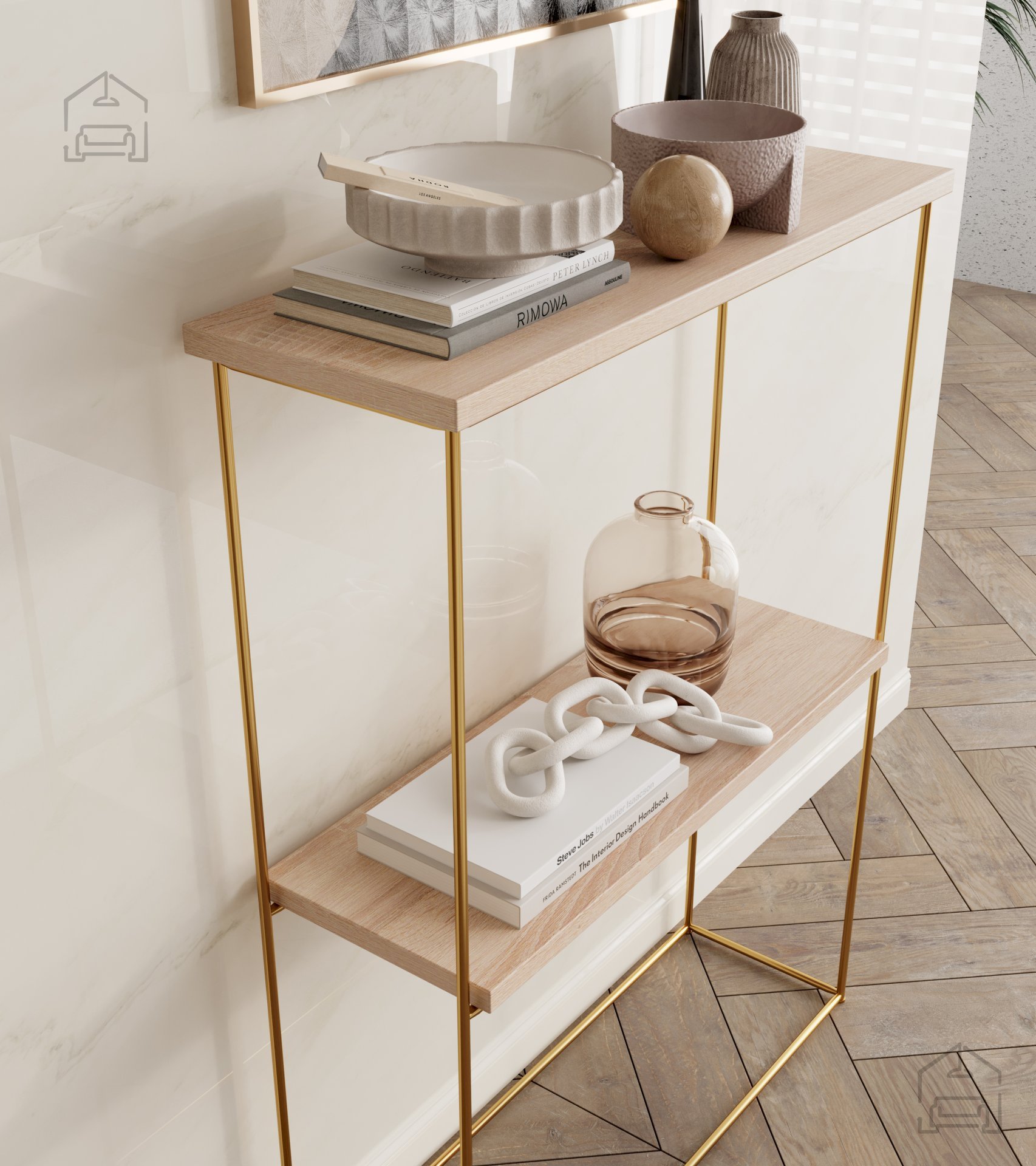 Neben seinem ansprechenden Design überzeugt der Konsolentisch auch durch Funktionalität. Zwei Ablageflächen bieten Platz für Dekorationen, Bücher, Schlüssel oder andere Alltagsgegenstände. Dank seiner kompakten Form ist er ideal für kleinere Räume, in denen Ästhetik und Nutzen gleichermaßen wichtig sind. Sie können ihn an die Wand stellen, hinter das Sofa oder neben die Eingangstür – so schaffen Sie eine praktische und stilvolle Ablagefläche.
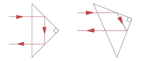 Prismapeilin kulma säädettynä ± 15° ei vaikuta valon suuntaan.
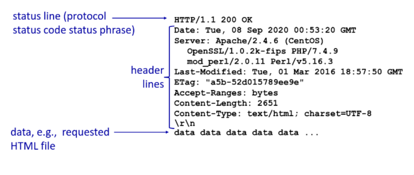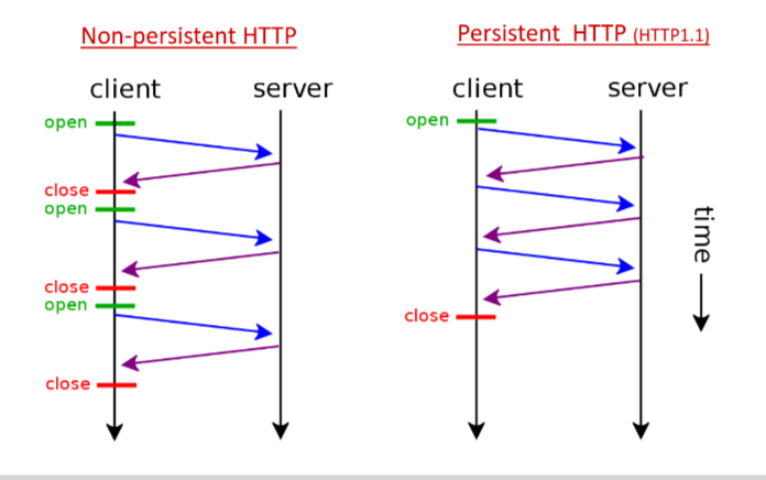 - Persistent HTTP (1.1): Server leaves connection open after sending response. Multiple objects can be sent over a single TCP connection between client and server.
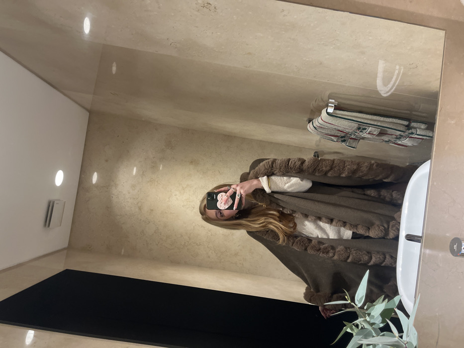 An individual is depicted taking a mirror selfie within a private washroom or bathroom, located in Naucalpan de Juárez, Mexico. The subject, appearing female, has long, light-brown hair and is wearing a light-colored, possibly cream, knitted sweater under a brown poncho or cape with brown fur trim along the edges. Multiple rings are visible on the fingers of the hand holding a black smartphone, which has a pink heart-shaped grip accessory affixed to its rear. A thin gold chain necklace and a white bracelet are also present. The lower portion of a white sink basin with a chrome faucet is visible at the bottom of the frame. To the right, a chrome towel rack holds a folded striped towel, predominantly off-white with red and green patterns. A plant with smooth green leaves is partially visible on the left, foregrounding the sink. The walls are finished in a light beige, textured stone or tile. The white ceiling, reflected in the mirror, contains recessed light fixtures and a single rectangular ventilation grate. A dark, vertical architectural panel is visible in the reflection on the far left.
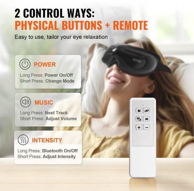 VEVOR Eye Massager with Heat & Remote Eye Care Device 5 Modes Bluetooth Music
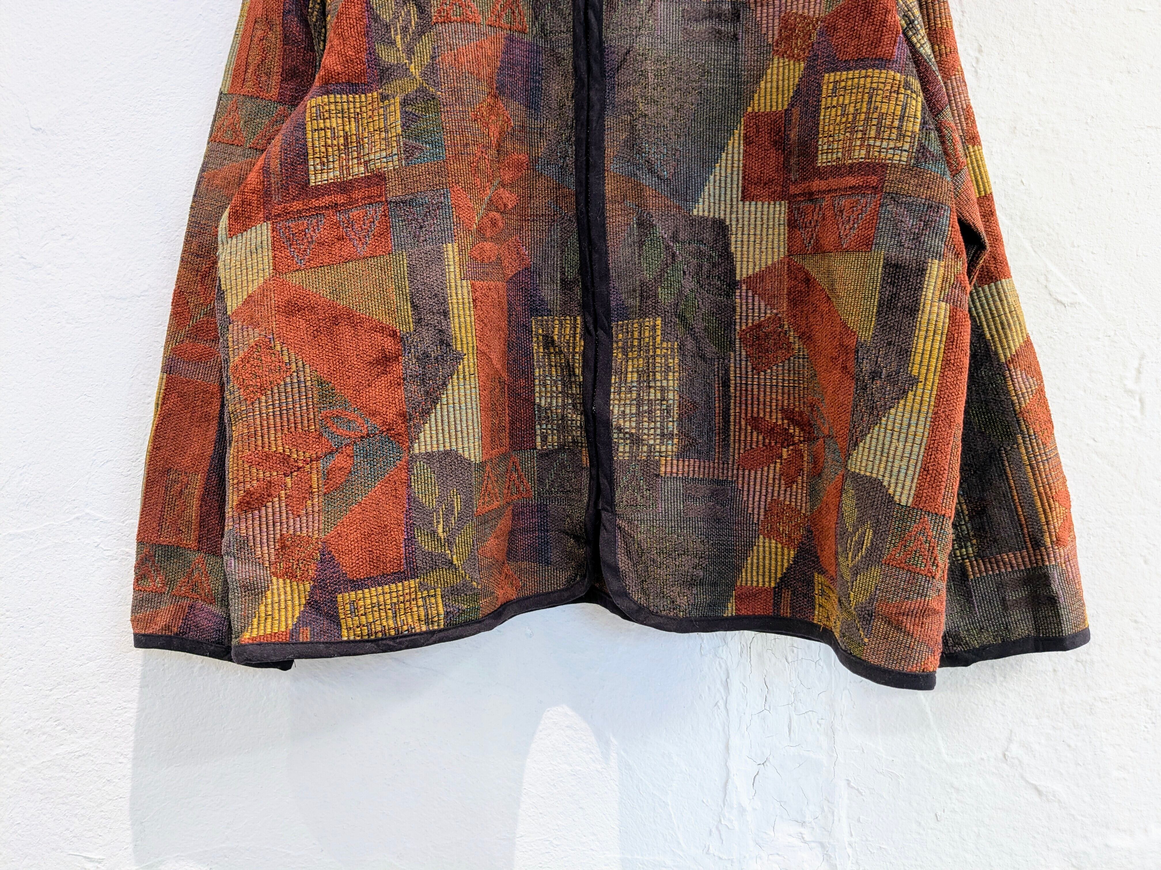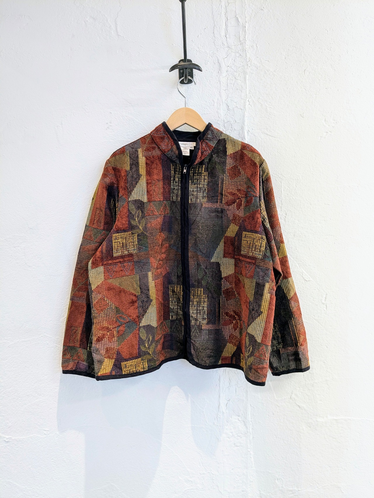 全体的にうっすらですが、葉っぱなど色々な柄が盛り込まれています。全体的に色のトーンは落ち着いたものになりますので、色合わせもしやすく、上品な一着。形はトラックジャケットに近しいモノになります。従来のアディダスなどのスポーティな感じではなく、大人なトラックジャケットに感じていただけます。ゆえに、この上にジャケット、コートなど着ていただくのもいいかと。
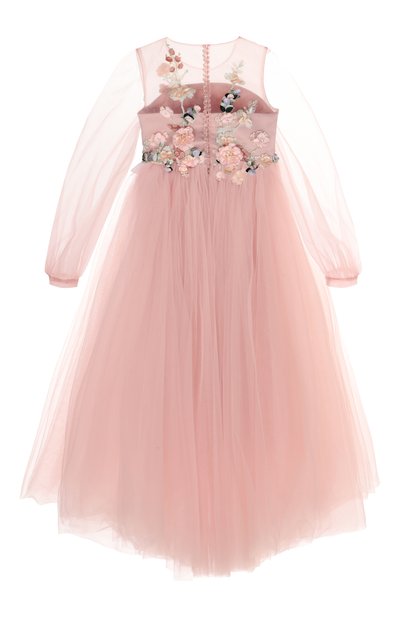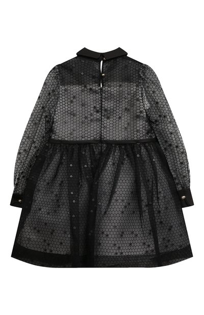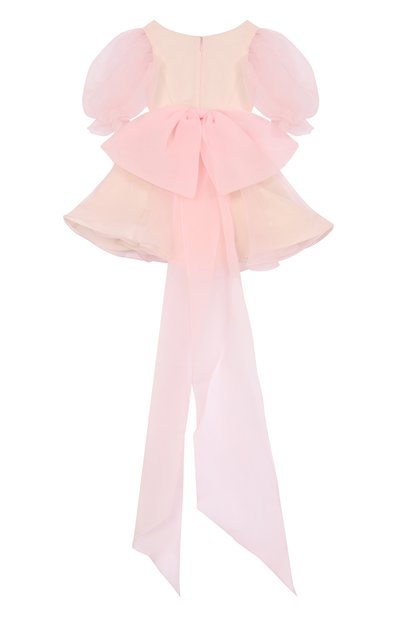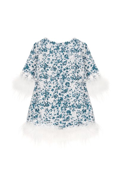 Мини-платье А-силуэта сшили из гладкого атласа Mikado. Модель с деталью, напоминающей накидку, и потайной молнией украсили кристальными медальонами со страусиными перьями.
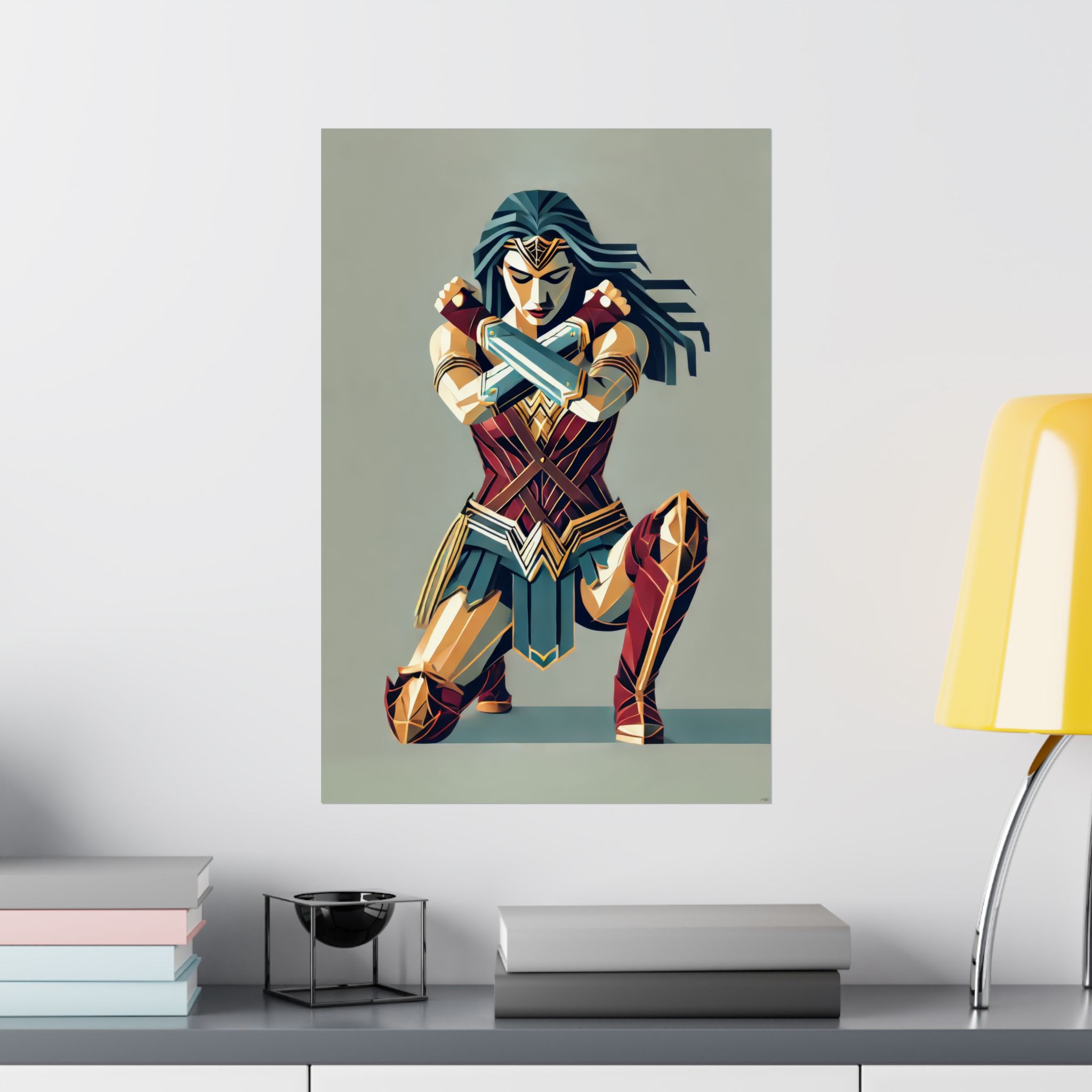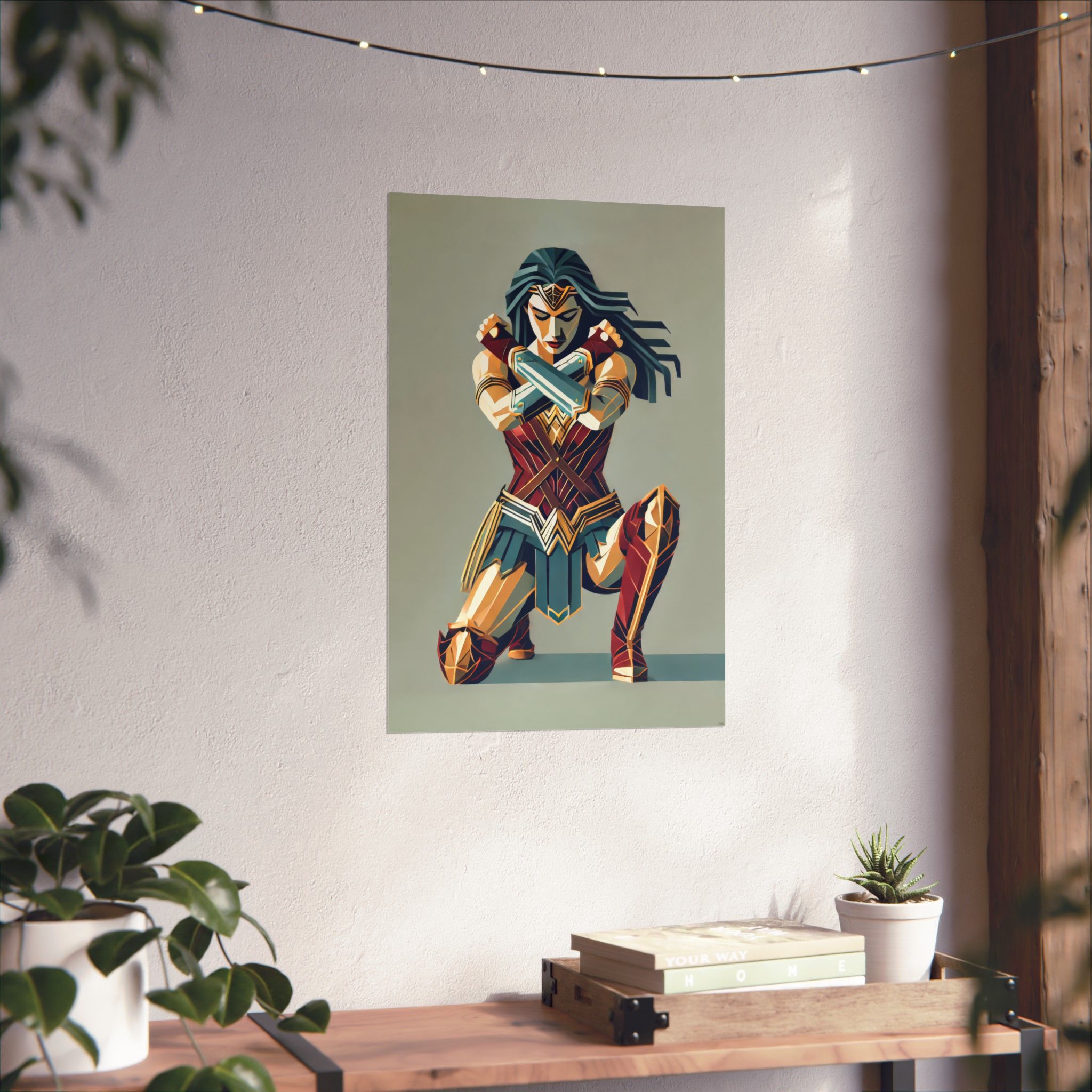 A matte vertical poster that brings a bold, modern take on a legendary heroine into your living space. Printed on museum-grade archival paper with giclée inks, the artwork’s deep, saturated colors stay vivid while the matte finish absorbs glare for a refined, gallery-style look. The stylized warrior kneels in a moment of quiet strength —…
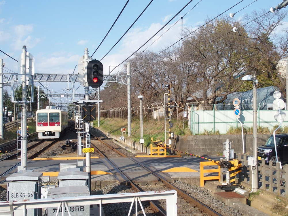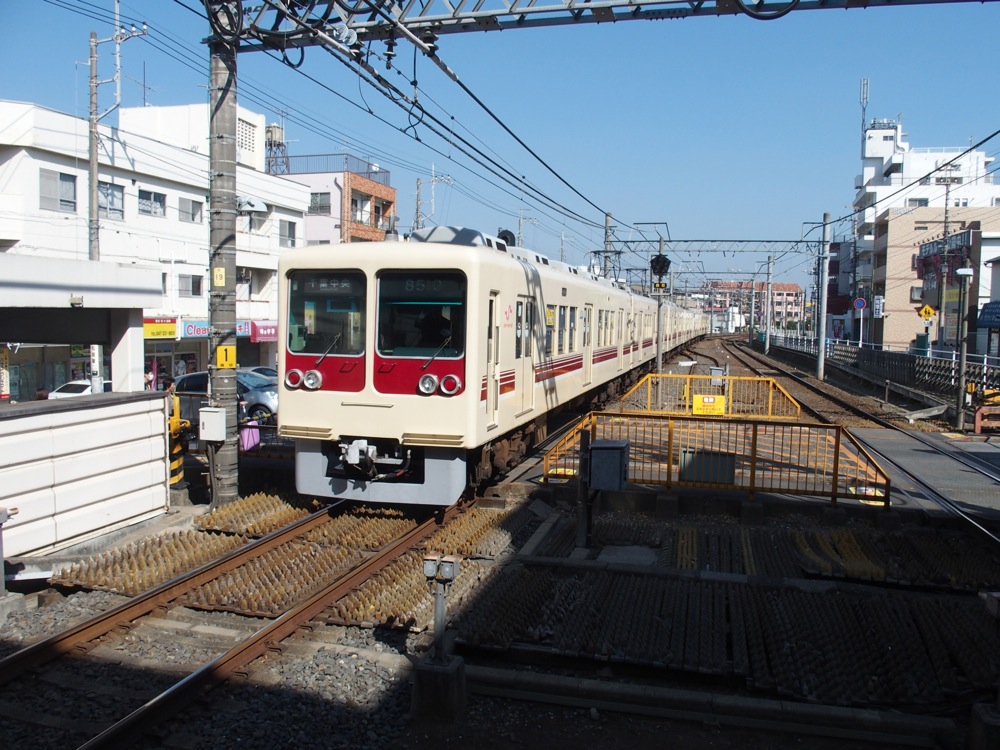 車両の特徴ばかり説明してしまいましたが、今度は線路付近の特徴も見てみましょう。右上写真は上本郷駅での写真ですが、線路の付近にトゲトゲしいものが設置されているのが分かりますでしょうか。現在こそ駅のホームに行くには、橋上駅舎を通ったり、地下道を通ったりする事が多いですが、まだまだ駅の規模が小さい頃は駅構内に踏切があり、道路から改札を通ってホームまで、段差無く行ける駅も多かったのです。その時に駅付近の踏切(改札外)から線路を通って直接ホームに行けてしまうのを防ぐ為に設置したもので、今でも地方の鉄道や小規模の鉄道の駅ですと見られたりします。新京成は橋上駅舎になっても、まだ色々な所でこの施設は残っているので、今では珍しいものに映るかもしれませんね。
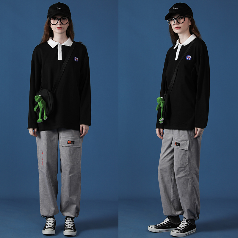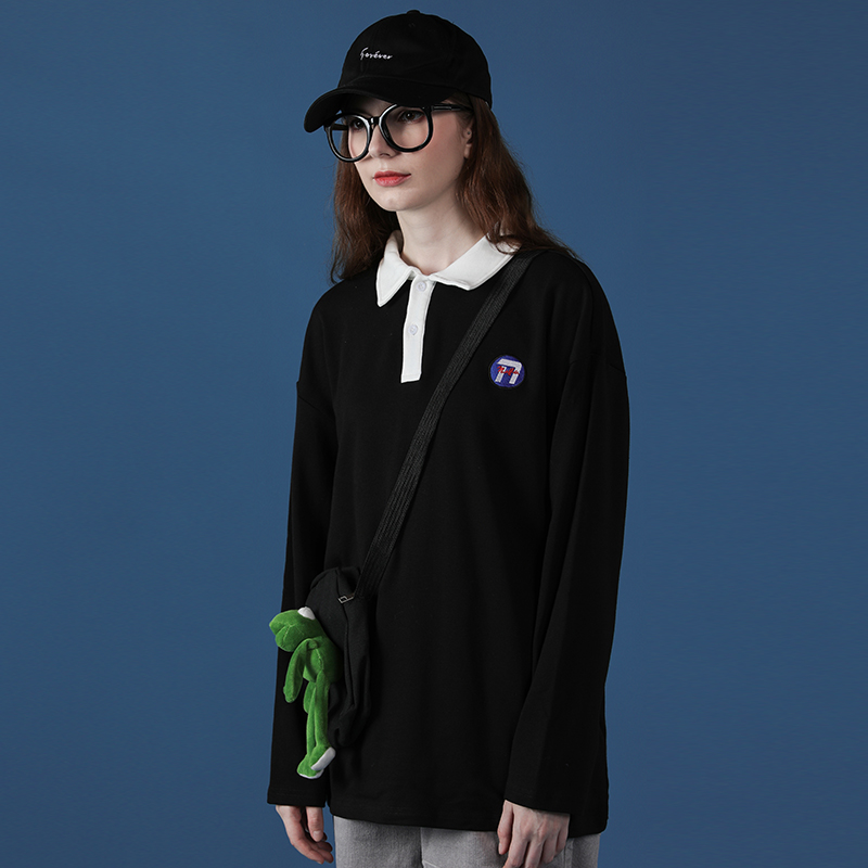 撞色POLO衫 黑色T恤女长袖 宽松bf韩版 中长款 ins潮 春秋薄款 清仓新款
• • •
■ TASK DIRECTIONS: Go through the entries above and print each one exactly, minus the pictures.

■ SOLUTION BELOW:
 Neben seinem ansprechenden Design überzeugt der Konsolentisch auch durch Funktionalität. Zwei Ablageflächen bieten Platz für Dekorationen, Bücher, Schlüssel oder andere Alltagsgegenstände. Dank seiner kompakten Form ist er ideal für kleinere Räume, in denen Ästhetik und Nutzen gleichermaßen wichtig sind. Sie können ihn an die Wand stellen, hinter das Sofa oder neben die Eingangstür – so schaffen Sie eine praktische und stilvolle Ablagefläche.
 Prismapeilin kulma säädettynä ± 15° ei vaikuta valon suuntaan.
 - Persistent HTTP (1.1): Server leaves connection open after sending response. Multiple objects can be sent over a single TCP connection between client and server.
 An individual is depicted taking a mirror selfie within a private washroom or bathroom, located in Naucalpan de Juárez, Mexico. The subject, appearing female, has long, light-brown hair and is wearing a light-colored, possibly cream, knitted sweater under a brown poncho or cape with brown fur trim along the edges. Multiple rings are visible on the fingers of the hand holding a black smartphone, which has a pink heart-shaped grip accessory affixed to its rear. A thin gold chain necklace and a white bracelet are also present. The lower portion of a white sink basin with a chrome faucet is visible at the bottom of the frame. To the right, a chrome towel rack holds a folded striped towel, predominantly off-white with red and green patterns. A plant with smooth green leaves is partially visible on the left, foregrounding the sink. The walls are finished in a light beige, textured stone or tile. The white ceiling, reflected in the mirror, contains recessed light fixtures and a single rectangular ventilation grate. A dark, vertical architectural panel is visible in the reflection on the far left.
 VEVOR Eye Massager with Heat & Remote Eye Care Device 5 Modes Bluetooth Music
 全体的にうっすらですが、葉っぱなど色々な柄が盛り込まれています。全体的に色のトーンは落ち着いたものになりますので、色合わせもしやすく、上品な一着。形はトラックジャケットに近しいモノになります。従来のアディダスなどのスポーティな感じではなく、大人なトラックジャケットに感じていただけます。ゆえに、この上にジャケット、コートなど着ていただくのもいいかと。
 Мини-платье А-силуэта сшили из гладкого атласа Mikado. Модель с деталью, напоминающей накидку, и потайной молнией украсили кристальными медальонами со страусиными перьями.
 A matte vertical poster that brings a bold, modern take on a legendary heroine into your living space. Printed on museum-grade archival paper with giclée inks, the artwork’s deep, saturated colors stay vivid while the matte finish absorbs glare for a refined, gallery-style look. The stylized warrior kneels in a moment of quiet strength —…
 車両の特徴ばかり説明してしまいましたが、今度は線路付近の特徴も見てみましょう。右上写真は上本郷駅での写真ですが、線路の付近にトゲトゲしいものが設置されているのが分かりますでしょうか。現在こそ駅のホームに行くには、橋上駅舎を通ったり、地下道を通ったりする事が多いですが、まだまだ駅の規模が小さい頃は駅構内に踏切があり、道路から改札を通ってホームまで、段差無く行ける駅も多かったのです。その時に駅付近の踏切(改札外)から線路を通って直接ホームに行けてしまうのを防ぐ為に設置したもので、今でも地方の鉄道や小規模の鉄道の駅ですと見られたりします。新京成は橋上駅舎になっても、まだ色々な所でこの施設は残っているので、今では珍しいものに映るかもしれませんね。
 撞色POLO衫 黑色T恤女长袖 宽松bf韩版 中长款 ins潮 春秋薄款 清仓新款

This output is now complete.